We found that CIN2 lesions are mainly related to infections caused by more than one genotype. However, our aim focused on the potential role of co-infection in the early phase or progression of lesions and did not find significant differences according to the cytological groups, due to the low rate of severe disease cases. Several studies did not describe a higher risk of severe dysplasia in women with multiple infections compared with women with a single genotype [28,29]. However, further prospective studies could clarify the role of multiple infections identifying the clinically significant impact of specific combinations of HPV genotypes.

The target population could have affected the results on the effectiveness of HPV-vaccination, based on the higher prevalence of infections in the vaccinated group. However, the stratified analysis by HPV-16, the most prevalent and preventable genotype, did not show a significant difference between the vaccinated and non-vaccinated. The type of population enrolled in our study could explain some of the findings’ results. Firstly, the median age of vaccination was high. Real life studies showed that HPV vaccine effectiveness is highest when it is administrated before sexual debut [30]. The American Cancer Society HPV vaccination guidelines (2020) [31], did not endorse the administration in adults aged 27–45 years for limited public health benefit potentially preventing only 0.5% of cancer cases, 0.4% of cervical precancer lesions, and 0.3% of genital warts [32]. The therapeutic role of HPV vaccine is controversial. Our recent study highlighted that vaccine administration could reduce the recurrence rate in women after LEEP [33]. However, a therapeutic role of vaccination was not found in women with a previous HPV-positivity. Prospective studies in naïve women could assess the real-life effectiveness of vaccination in our setting.
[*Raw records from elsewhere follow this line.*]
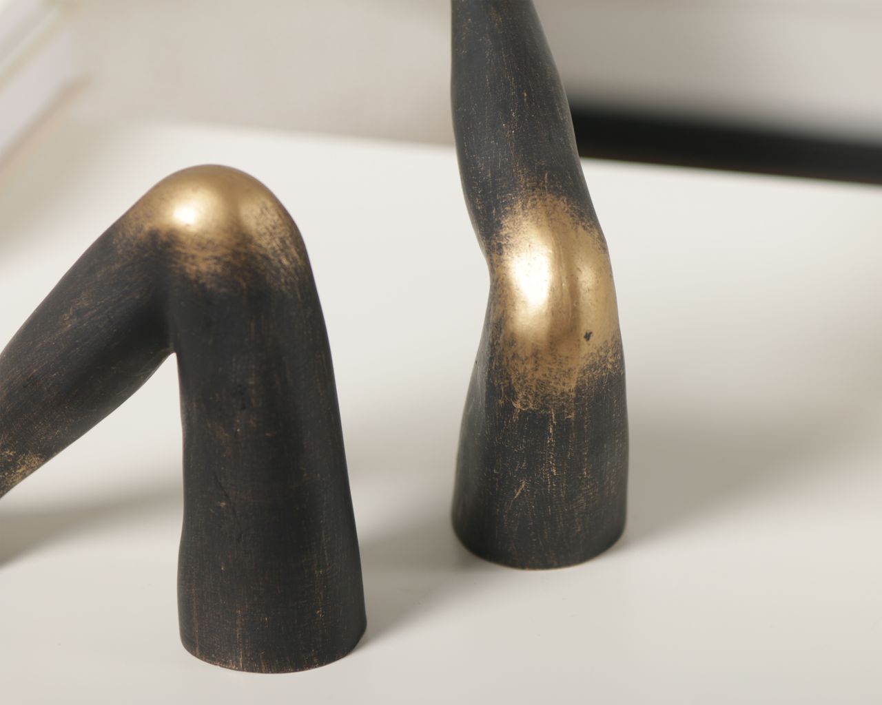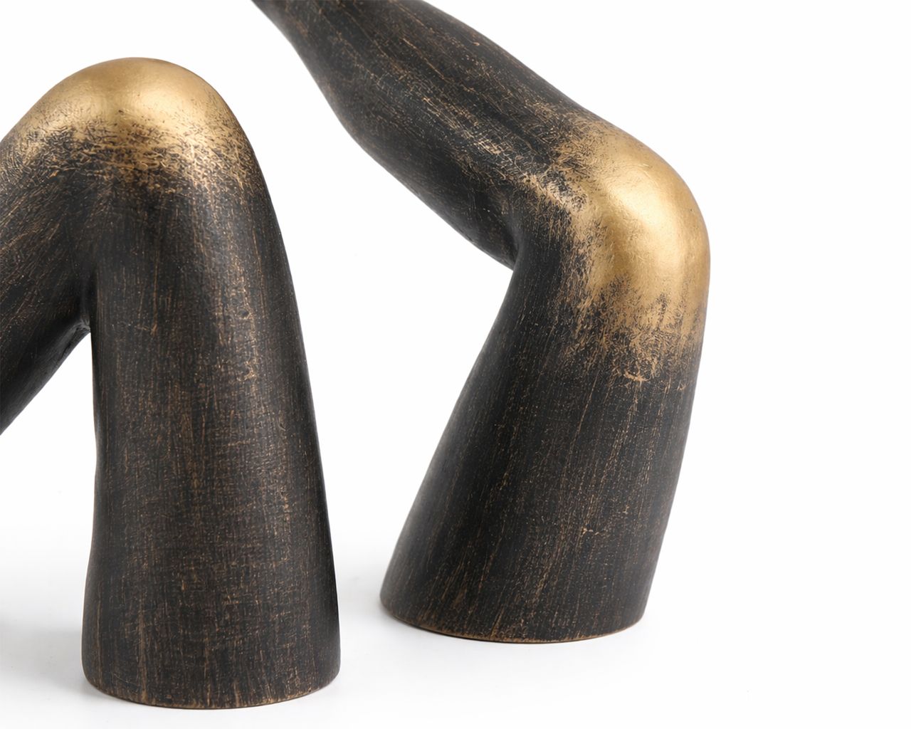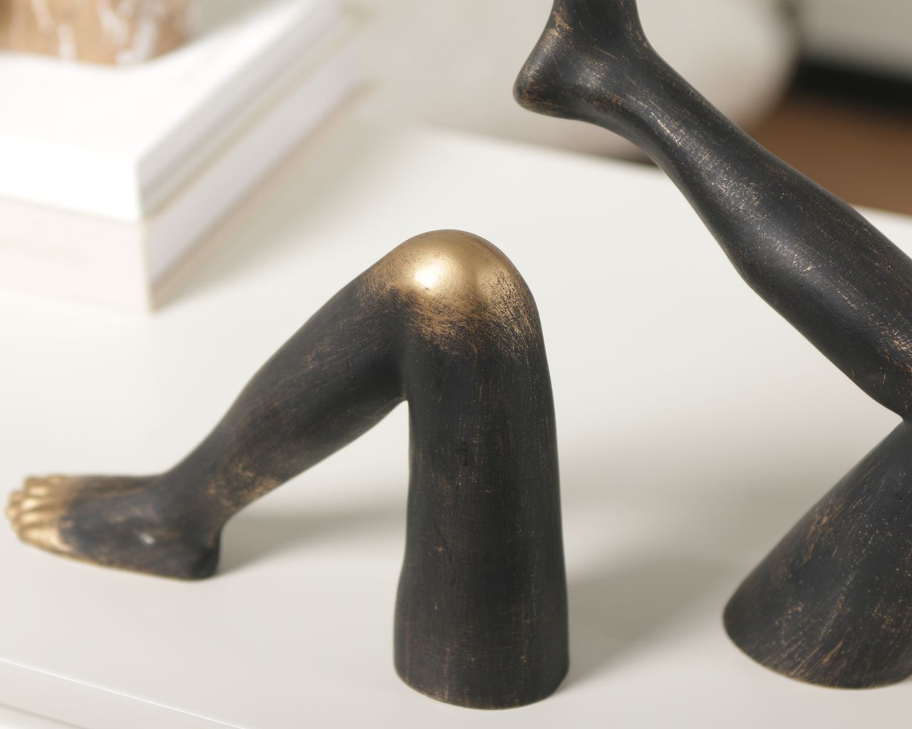 Channelling the essence of modern abstract art, it fuses figurative form with playful fragmentation for a bold, expressive aesthetic. Crafted from alloy with dark bronze and antique gold finishes, it carries a subtly aged look that adds depth and character. Its fluid silhouette and rich texture make it a striking sculptural accent.
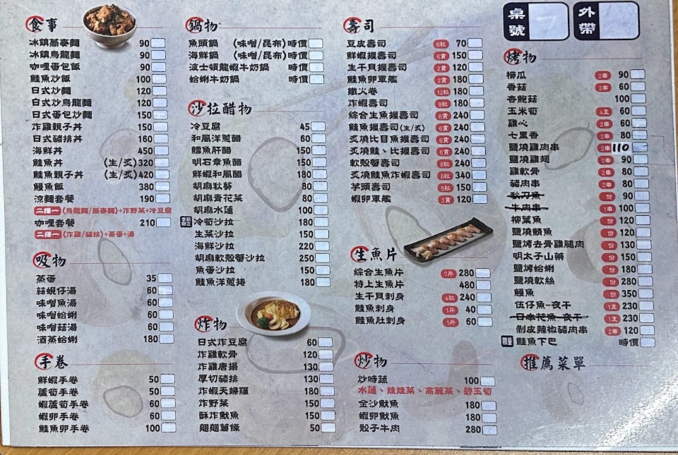 咖哩套餐 炸雞, 炙燒比目魚握壽司, 日式炸豆腐, 雞肉串, 炙燒鮭魚握壽司, 豬排丼近拍, 照燒雞腿丼, 辣味增燉牛肉飯, 涼拌豆腐, 鮭魚炒飯, 定食沙拉, 芋頭壽司, 咖哩豬排套餐, 日式蛋包炒麵, 松阪豬, 壽喜燒豚肉丼, 中 波士頓龍蝦鍋 需預定, 炸雞親子丼
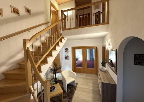 Dieses Einfamilienhaus aus 1999 überzeugt mit ca. 140 m² Wohnfläche, sehr guter Substanz und einem außergewöhnlich gestalteten Grundstück von rund 1.410 m². Großzügige, helle Räume, zwei Bäder, ein Kamin und mehrere, teils gemütlich überdachte Terrassen schaffen ein Wohngefühl mit Qualität und Komfort. Der liebevoll angelegte Designgarten setzt ein echtes Highlight. Absolut gepflegt, energieeffizient und sofort nutzbar – eine Immobilie, die Raum für Alltag, Entspannung und langfristige Wohnperspektiven bietet.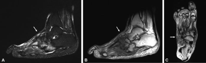 Se presenta predominantemente en el mediopié y compromete al conjunto de estructuras óseas y partes blandas adyacentes, no limitándose a un solo hueso. Se visualiza en RM como áreas de alta señal en secuencias ponderadas en T2 y STIR, con leve realce tras la administración de contraste en secuencia ponderada T1 fat-sat, de predominio subcondral en etapas iniciales. (►Fig. 4).1,4,5,10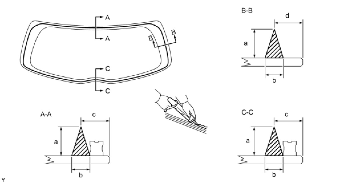 (b) Install 2 new back door glass adhesive dams as shown in the illustration.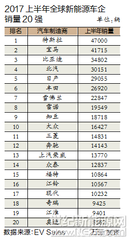 今年上半年,特斯拉全球销量达到47000辆,成为全球销量最高的电动汽车制造商。宝马紧随其后,累计销量达到41715辆。比亚迪排名第三,累计销量34802辆。上半年比亚迪受各种因素影响未能发力,导致其排名由2016年同期的第一名滑落至第三名。今年前4个月,比亚迪一直处于“蛰伏期”,销量不佳除了与今年年初中国新能源汽车目录调整和财政补贴退坡有关,也受到其产品升级、电池产能爬坡、新产品投放等自身因素的影响。

The retrospective epidemiological design can raise several concerns. Although the present study reports the main epidemiological findings of the HPV screening program in ASC-US women since the introduction of HPV-DNA in 2016, our data are not representative of the general population, especially for the prevalence and distribution of HPV-genotypes, based on the adherence to the screening program. The small sample size during the follow-up, as well as the heterogeneous follow-up period, did not allow us to clearly identify the prognostic role of several demographic and clinical variables. Moreover, the low numbers of fully vaccinated patients did not allow us to assess the preventive role of the vaccine. Further studies would be needed to assess the epidemiological scenario in the vaccination era.

5. Conclusions

Monitoring and genotype identification are crucial to promptly identify cross-protection and type-replacement, particularly after the implementation of a vaccine program. In line with WHO call for action to eliminate cervical cancer as a public health problem [34] future multicenter studies could better estimate HPV risk-factors, as well as those which play a role in the progression of disease to plan more adequate preventive strategies.